Supreme Court Judge at Port Phillip
- In office 28 February 1846 – 19 January 1852
- Preceded by: Roger Therry
- Succeeded by: Establishment of the Supreme Court of Victoria

3rd Solicitor-General of New South Wales
- In office March 1841 – July 1844
- Preceded by: John Plunkett
- Succeeded by: William Manning

Personal details
- Born: 28 July 1806 London, England, United Kingdom of Great Britain and Ireland
- Died: 27 June 1869 (aged 62) London, England, United Kingdom of Great Britain and Ireland
- Resting place: West Norwood Cemetery
- Spouses: Emily Hayley (m. 1832; d. 1841); Matilda Hayley (m. 1849);
- Relations: Gilbert Abbott à Beckett (brother); Thomas Turner à Beckett (brother); Emma Minnie Boyd (granddaughter); Thomas à Beckett (nephew);
- Children: 13
- Education: Westminster School
- Occupation: Barrister; Politician

= William à Beckett =

British barrister and colonial judge

Sir William à Beckett (28 July 1806 – 27 June 1869) was a British barrister and the first Chief Justice of the Supreme Court of Victoria.

==Background==
Born in London, he was the eldest son of William à Beckett, also a solicitor. His younger brothers were Gilbert Abbott à Beckett, one of the original staff of Punch and the author of 'Comic History of England', and Thomas Turner à Beckett (13 September 1808 – 1 July 1892). He was educated at Westminster School, publishing a youthful volume of verse, The Siege of Dumbarton Castle, in 1824. In 1829 he was called to the bar by Lincoln's Inn.

==Legal career==
In 1837, à Beckett migrated to New South Wales and edited the 'Literary News', a short-lived newspaper. In 1838 à Beckett, along with William Foster and Richard Windeyer, defended the 11 colonists charged with murder in relation to the Myall Creek massacre. He was appointed acting Solicitor General for the colony in March 1841, and Solicitor General in March 1843. In July 1844 he became an acting judge, and was made a full puisne judge of the Supreme Court of NSW.

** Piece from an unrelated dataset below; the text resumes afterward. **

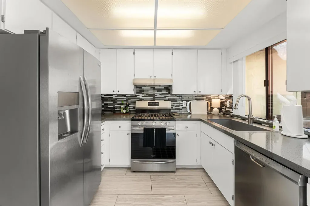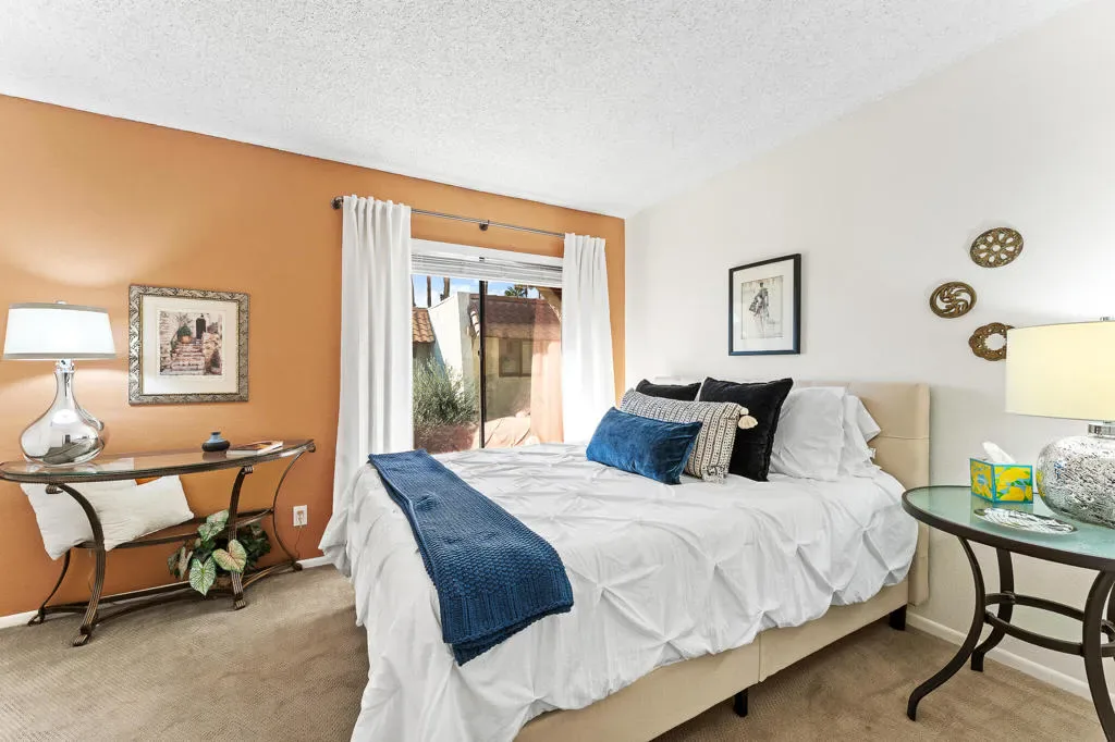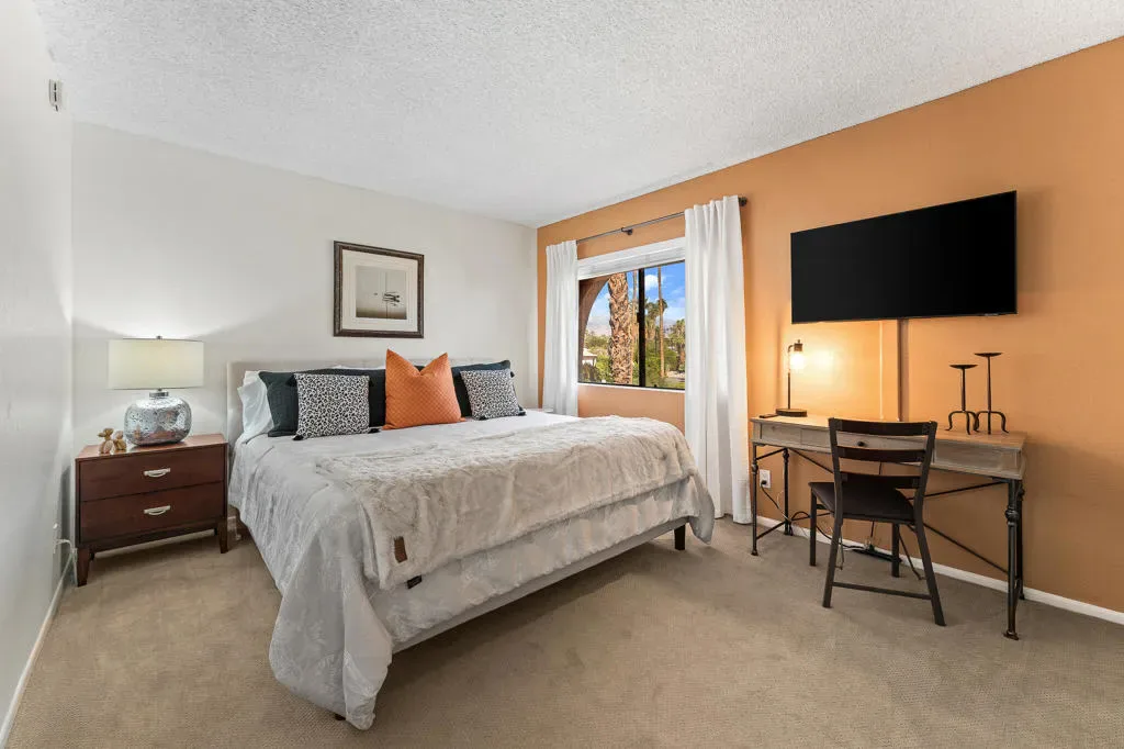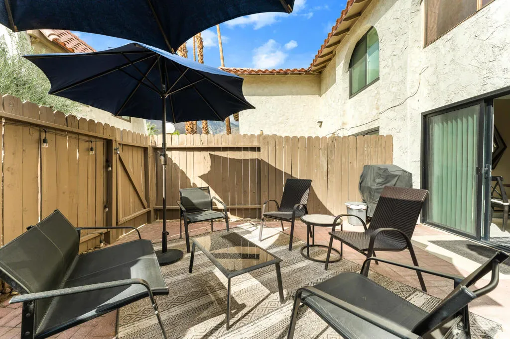!!!Summer Special Rates!!! LONG OR SHORT TERM RENTAL | 30-Day Minimum Welcome to Casa de Oro, a beautifully landscaped community nestled in the highly sought-after Little Tuscany neighborhood of Palm Springs. This stylishly updated 2-bedroom, 1.5-bath townhome offers the ideal mix of comfort, convenience, and resort-style living–available for long or short-term stays with a 30-day minimum. Step inside to a bright and open main level featuring 24×12 porcelain tile flooring, a fully remodeled modern white kitchen with Quartz countertops, stainless steel appliances, a chic tile backsplash, and a full laundry room. A sleek 3/4 bath on the main level adds everyday convenience for guests. Upstairs, you’ll find two generously sized bedrooms with soft carpeting and mountain peek views of the San Jacinto range. The remodeled full bathroom includes a dual-use layout with an additional vanity area in the primary bedroom, perfect for added privacy and function. Relax or entertain on your private brick-tiled patio, which offers a tranquil outdoor escape and subtle mountain views. A detached one-car garage provides secure parking and additional storage. Residents of Casa de Oro enjoy access to a wide range of amenities including two pools, two spas, a clubhouse/rec room, two tennis courts, and a pickleball court. The location is unbeatable–just minutes from Uptown and Downtown Palm Springs, where you’ll find top-rated dining, shopping, entertainment, and nightlife. Pet-friendly rental in a prime location. Summer Special through Sept 1st! Three Month $2395, Six Month $2295. Don’t miss out on this great opportunity!

In January 1846, he was appointed to the Supreme Court of New South Wales for the District of Port Phillip as the resident judge. In 1851 he was created a knight bachelor. When in January 1852 the separate colony of Victoria was proclaimed he became its first Chief Justice.

He returned to Melbourne in December 1854 in time to participate in the Eureka Stockade trials. Although often accused of the inflammatory comments at the trial of the arsonists of the Eureka Hotel, it was the actually the Acting Chief Justice Redmond Barry who sparked the Eureka uprising. À Beckett retired as Chief Justice in 1857 due to poor health, and in 1863 he returned to England.

==Author==
Politically conservative, à Beckett was strongly opposed to the social disruption caused by the Victorian Gold Rush and under the pseudonym 'Colonus' espoused his views in an influential pamphlet somewhat cumbersomely entitled Does the Discovery of Gold in Victoria Viewed in Relation to its Moral and Social Effects as Hitherto Developed Deserve to be Considered a National Blessing or a National Curse? late in 1852. He presided over a number of important trials including the robbers of gold from the barque Nelson in Hobson's Bay in 1852, but growing disillusion with the state of society in Victoria saw him leave for England with his family in February 1853.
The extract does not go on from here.